To Reproduce (Optional)
the run.cfg I used:

[General]
job_type = SLURM
job_prefix = nextPolish
task = best
rewrite = yes
rerun = 3
parallel_jobs = 12
multithread_jobs = 5
genome = /datastore/SEED1/Martin/Apomixis_Breeding/Analyses_output/ONT/nextdenovo_out/ES612/assembly_3/03.ctg_graph/01.ctg_graph.sh.work/nd.asm.fasta
genome_size = auto
workdir = ${HOME}/nextpolish_out/ES612/run1
polish_options = -p 35

[sgs_options]
sgs_fofn = ./sgs1.fofn
sgs_options = -max_depth 100 -bwa

[lgs_options]
lgs_fofn = ./lgs1.fofn
lgs_options = -min_read_len 1k -max_depth 100
lgs_minimap2_options = -x map-ont

Additional context (Optional)
Add any other context about the problem here.
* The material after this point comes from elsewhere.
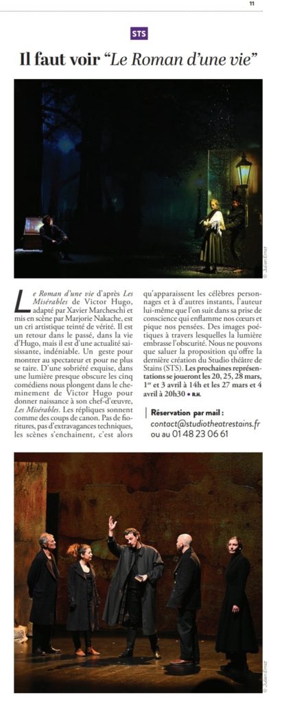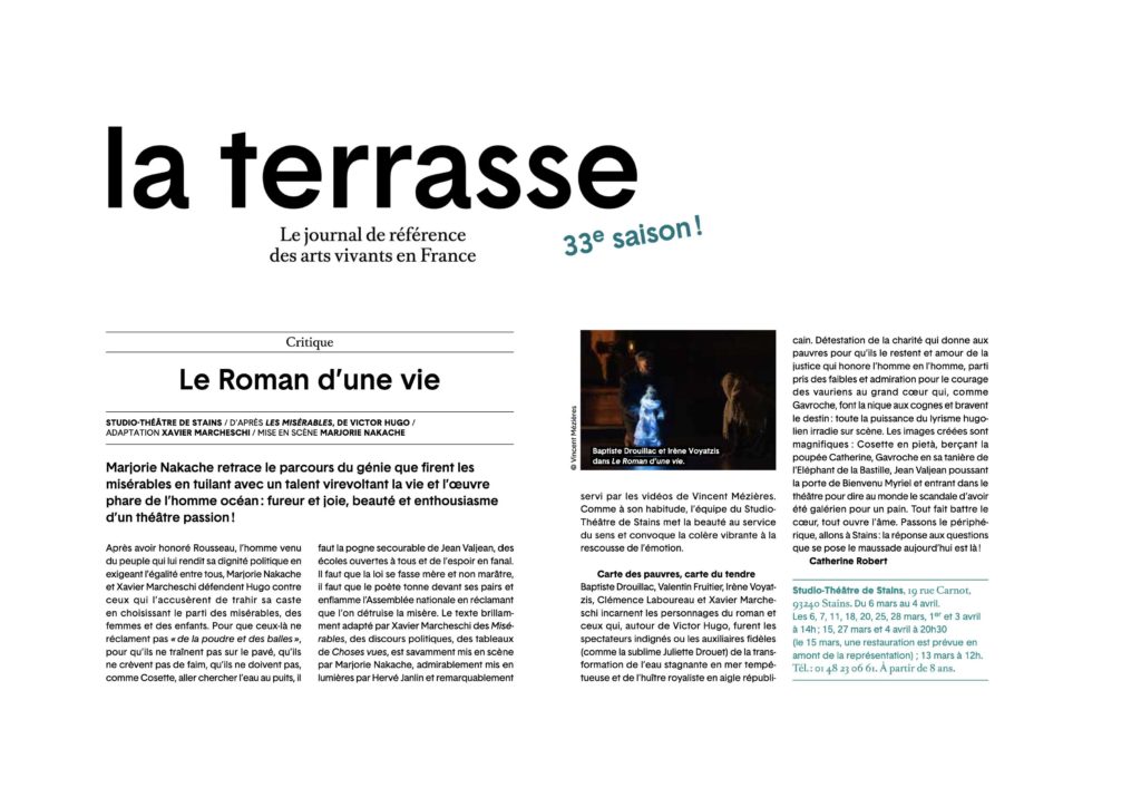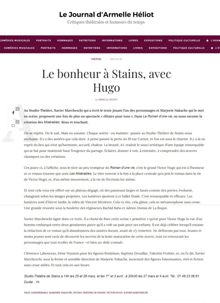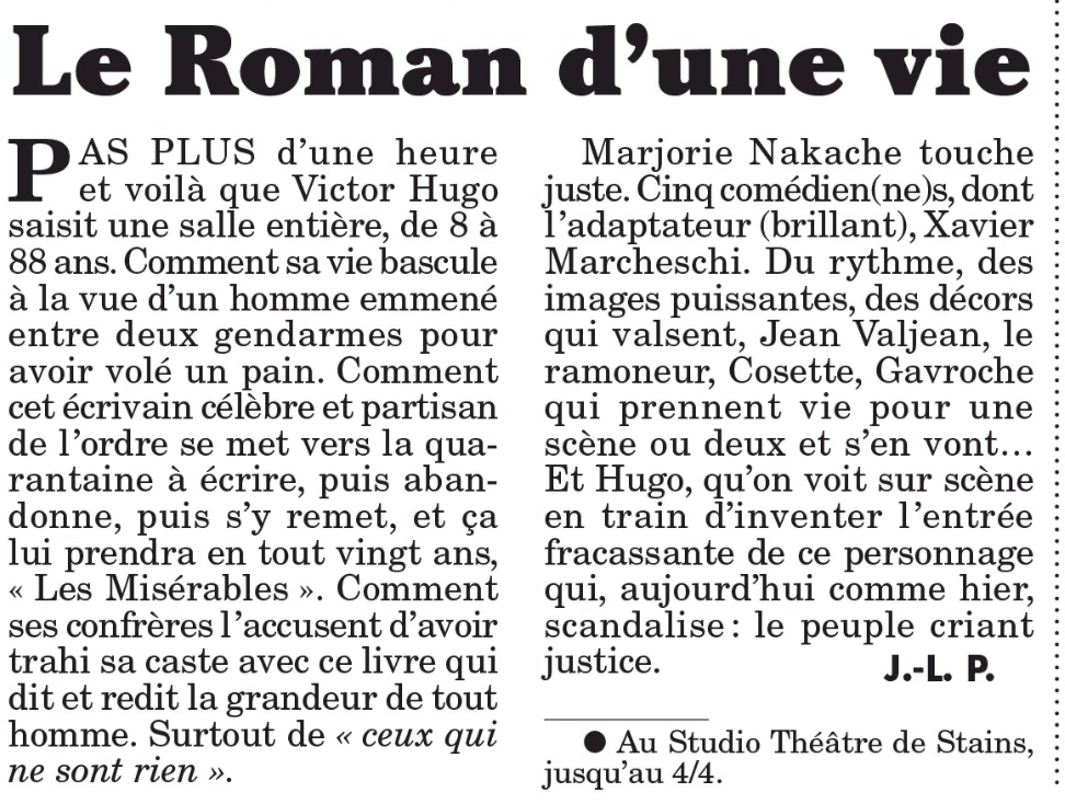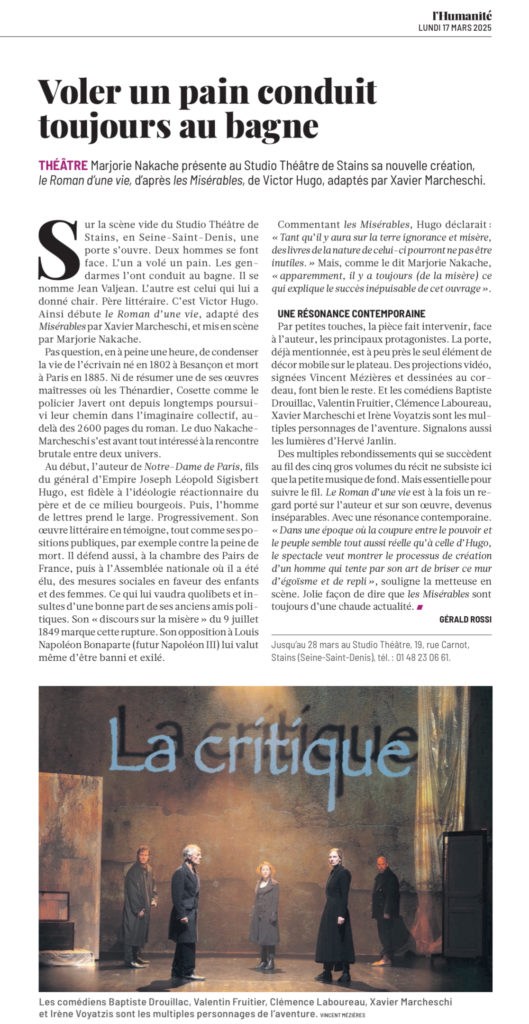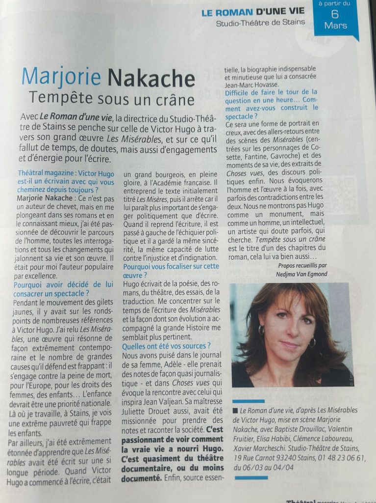 Le spectacle ne montre pas Les Misérables, mais un auteur écrivant Les Misérables. Dans une époque où la coupure entre le pouvoir et le peuple semble tout aussi réelle qu’à celle d’Hugo, le spectacle veut montrer le processus de création d’un homme qui tente par son art, de briser ce mur d’égoïsme et de repli. »

Answer 1 · 2023-01-29T01:23:29.000Z

Try to use your own alignment pipeline, and then only use NextPolish to polish the genome, see here

PS: I don't know how to allow more computing time, maybe you need to ask your system administrator for help

Answer 2 · 2023-01-30T23:06:57.000Z

Hello,

thank you for your advice. I could now fix at least the timeout issue in paralleltask cluster.cfg file and nextpolish with standard run.cfg for short and long reads now continues to run. But the underlying problem seems that especially in the "polish_genome" step the program seems to not run properly or at least very slow as almost no CPU is used and also the memory usage is pretty low (please see attachment).

Do you have any idea how I can fix this in nextpolish or paralleltask?

Again many thanks for your help

Best wishes
Martin

Answer 3 · 2023-01-31T03:42:42.000Z

First, try to kill all tasks, and rerun, it will only continue to run unfinished tasks.

Answer 4 · 2023-01-31T16:44:13.000Z

Hello,

I have killed the jobs every time when trying a new run and upon restart I run into the same issue that there is now plenty of time but when checking on the node usage it seems basically idling during the polishing step although new files are created in each tasks (n=12). It seems that the next step is missing to go into the next round of polishing (I use 5,5,1,2,1,2).
Can it be that when a program uses almost no CPU, it is because one worker in a parallel computation is waiting for another. This could be the case here: perhaps your controller program (running on the login node) is not communicating with the submitted jobs properly.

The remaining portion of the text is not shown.